Using PXRD and PONKCS to Determine the Kinetics of Crystallisation of Highly Concentrated NH4NO3 Emulsions

Abstract

A technique that is known as PONKCS (Partial or no known crystal structure) has become useful in the quantitative determination of solid phases in powder samples that have no known crystal structure, or that have poorly determined crystal structures. This technique was shown to be useful with commercial software, such as Topas®, to quantitatively determine the amorphous phase content of powdered samples that contain a number of crystalline phases within the bulk material. In this study, the method of analysis was applied to the crystallization process of highly concentrated emulsions of ammonium nitrate (HCE of AN) composed of a supersaturated salt solution within a continuous hydrocarbon phase that was stabilized with a variety of surfactants and additives. These emulsions are thermodynamically unstable, and would with time crystallize into the crystalline room temperature phase IV of AN. It was found that by applying slightly different mixing times during the preparation steps, emulsions with different droplets sizes would be obtained.

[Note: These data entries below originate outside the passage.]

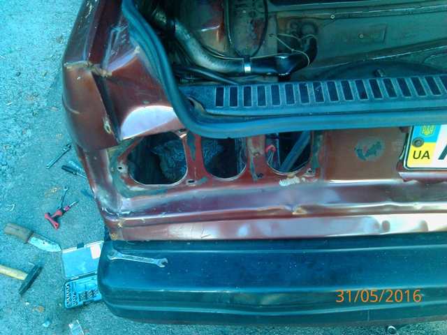 В общем купил лебедку начал тянуть задок за неделбку выровнял токо крышка багажника не нравицо вернее её левый кронштейн или как там утку ту зовут которой крышка к кузову крепится. я так и не долез до того места где к кузову крепится она)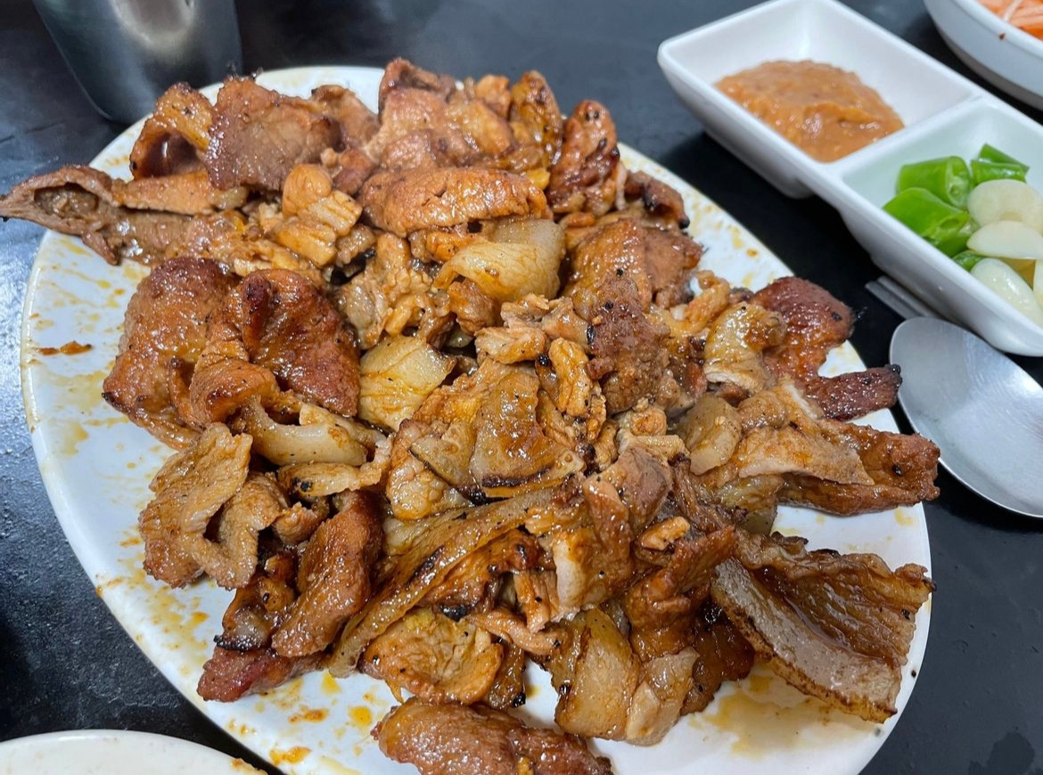 생선구이 식당들과 닭한마리 식당들의 중간 경계 지점에 <불꼬지 백반>이라는 신기한 이름의 고추장 양념 돼지고기를 연탄불로 파는 식당이 있으니 1988년 개업하여 30여 년을 훌쩍 넘긴 송정식당이다.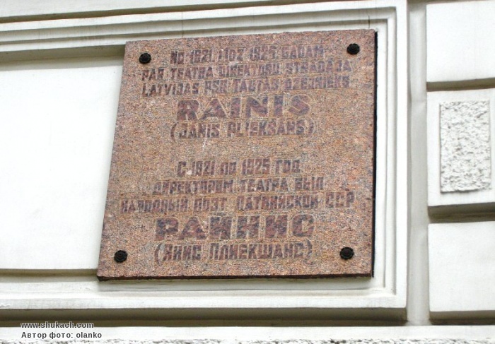Гранітна дошка повідомляє, що у 1921-1925 роках театром керував народний поет Латвії Яніс Райніс. Дошка встановлена на лівій стіні Латвійського Національного театру.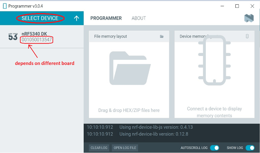 Click “SELECT DEVICE” >> Find icon of “nRF5340 DK” which is detected by the programmer app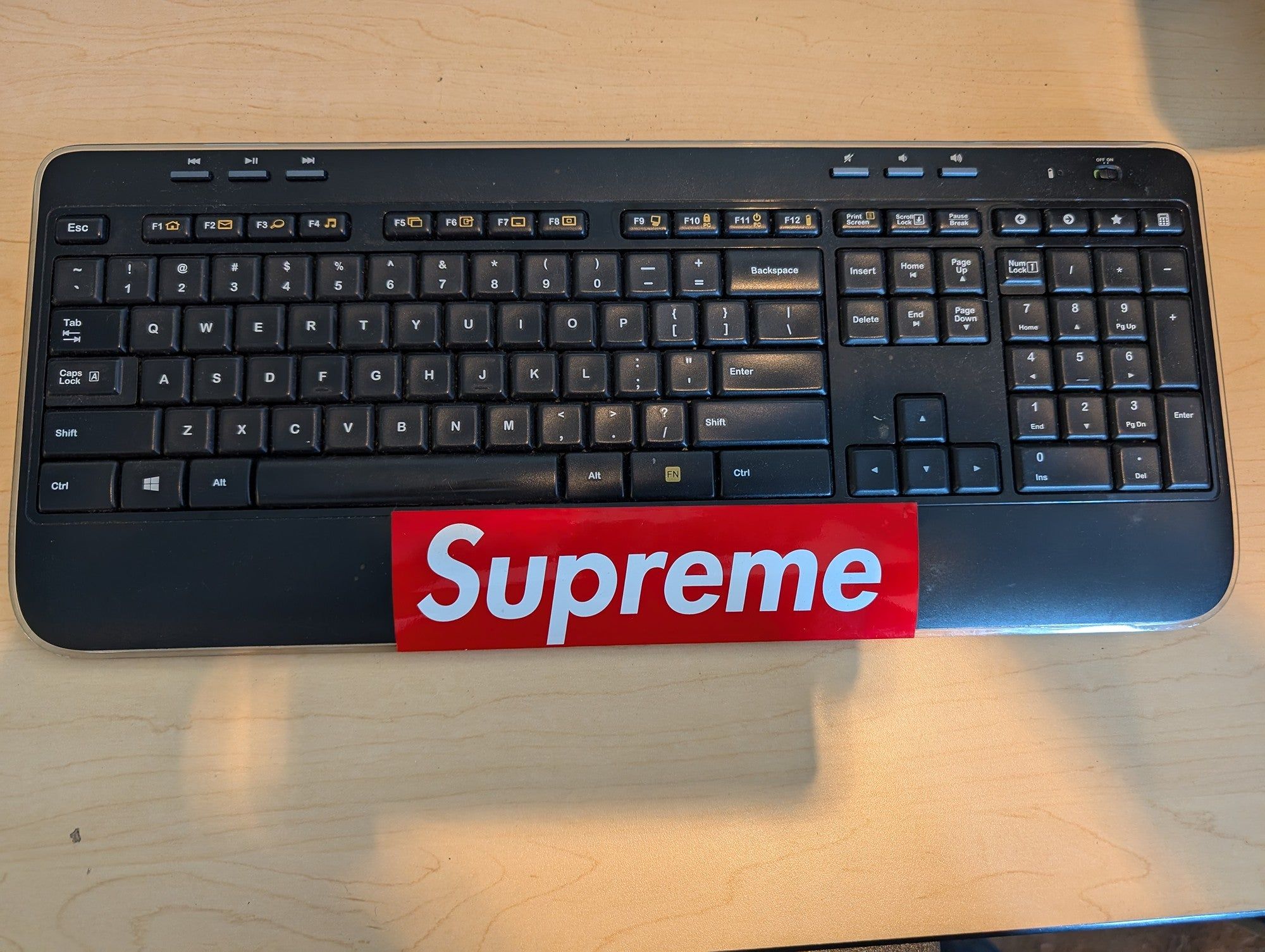 This is a Logitech K520 full-size wireless keyboard in black. It features a standard QWERTY layout with a numeric keypad and dedicated media control keys. A red 'Supreme' sticker is applied to the palm rest.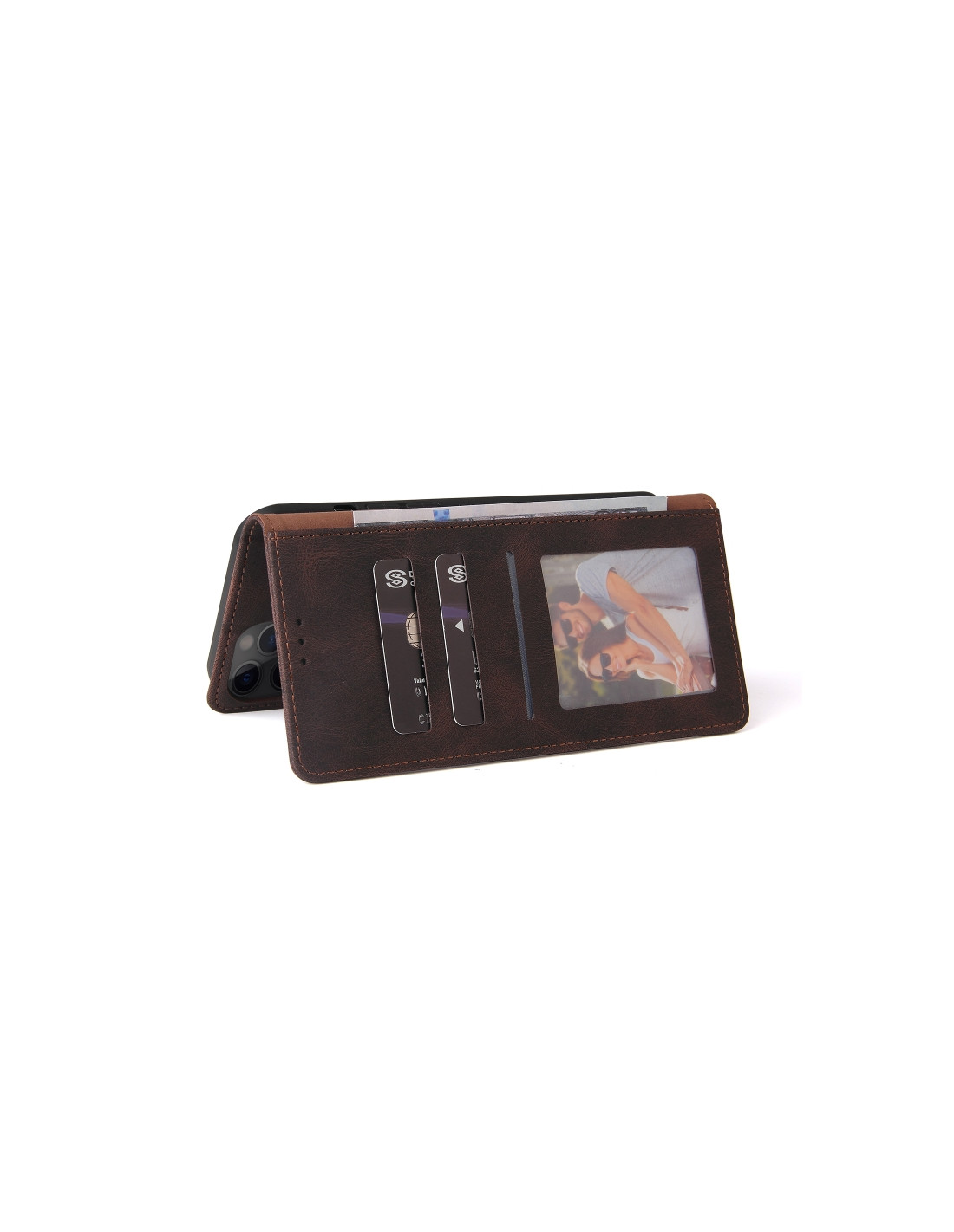 Cover iPhone 12 Pro Max Pelle Nero Portafoglio Marrone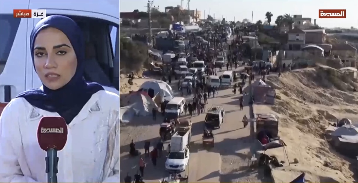 وقال مراسلة قناة المسيرة في غزة، دعاء روقة، التي اضطرت للنزوح من المدينة إلى وسط القطاع مع توسّع العمليات البرية الصهيونية: "كنت أتمنى عند بدء وقف العدوان أن أعود إلى مدينتي، إلى الشمال، لأعانق عائلتي التي رفضت النزوح، لكن عملي الميداني ألزمَني البقاء هنا لنقل الصورة، فواجبنا كإعلاميين أن نوثّق مشاهد الصمود، وأن نُبقي الحقيقة حيّة."

Powder X-ray diffraction was shown to be a useful tool in studying the crystallization process of HCE of AN, where the fresh emulsion would have a characteristic amorphous halo that over time, would then show typical diffraction peaks to appear that correspond with the solid phases of crystalline AN. An assumption was made that the emulsion crystallizes close to about 80 % solid content, thereby allowing for a relative quantification to be made over time. The change with time in the degree of crystallization of the emulsions prepared with different droplet sizes could then be modeled with the well-known Johnson–Mehl–Avrami–Kolmogorov kinetic equation. A crystallization time-related constant and an empirical exponent that reflects the type of nucleation that occurred during the process was determined. The results showed that for a set of emulsions that were prepared by varying only the mixing times and their effective droplet sizes, that the emulsion with the smaller droplet had higher crystallization stability.